● **Exercise**
A faithful transcript of all the lines below, with no pictures, is the goal here.

● **Data excerpt**
========================================

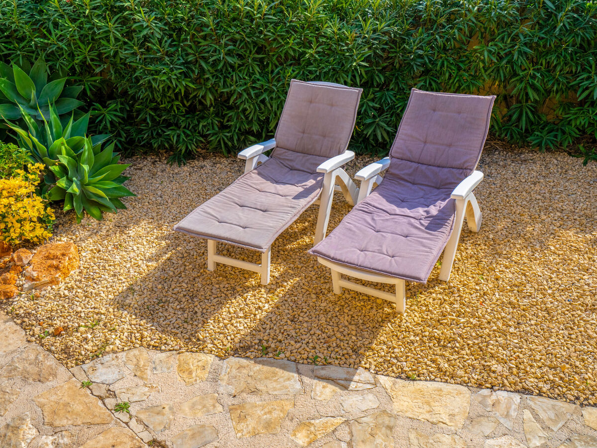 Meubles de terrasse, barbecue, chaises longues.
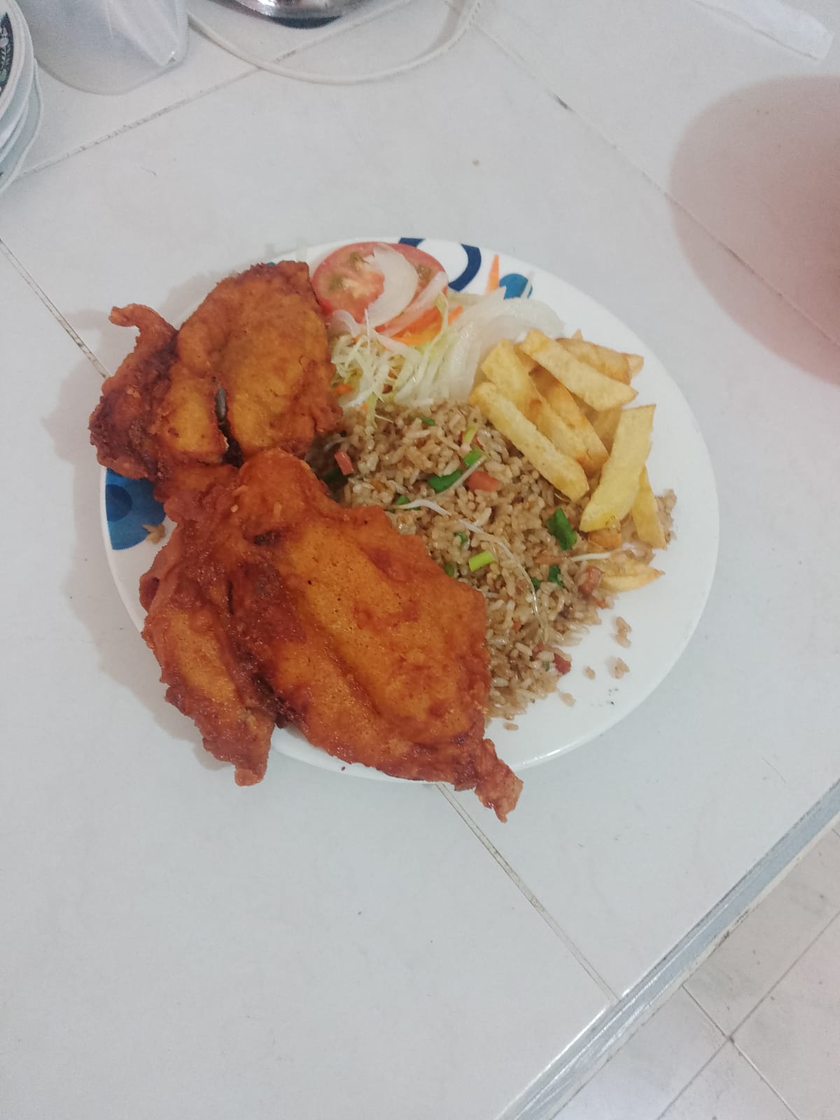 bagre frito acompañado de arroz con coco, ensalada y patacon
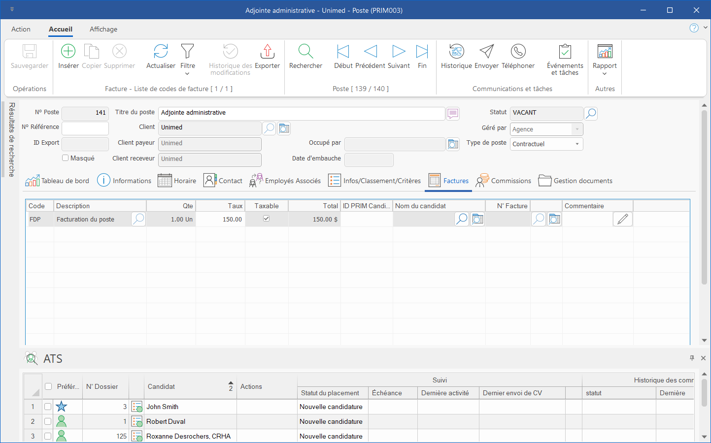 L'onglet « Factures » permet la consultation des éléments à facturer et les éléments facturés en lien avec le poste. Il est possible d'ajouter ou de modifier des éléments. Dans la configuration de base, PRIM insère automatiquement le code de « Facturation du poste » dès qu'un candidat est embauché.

========================================

● **Response to this exercise**
 Meubles de terrasse, barbecue, chaises longues.
 bagre frito acompañado de arroz con coco, ensalada y patacon
 L'onglet « Factures » permet la consultation des éléments à facturer et les éléments facturés en lien avec le poste. Il est possible d'ajouter ou de modifier des éléments. Dans la configuration de base, PRIM insère automatiquement le code de « Facturation du poste » dès qu'un candidat est embauché.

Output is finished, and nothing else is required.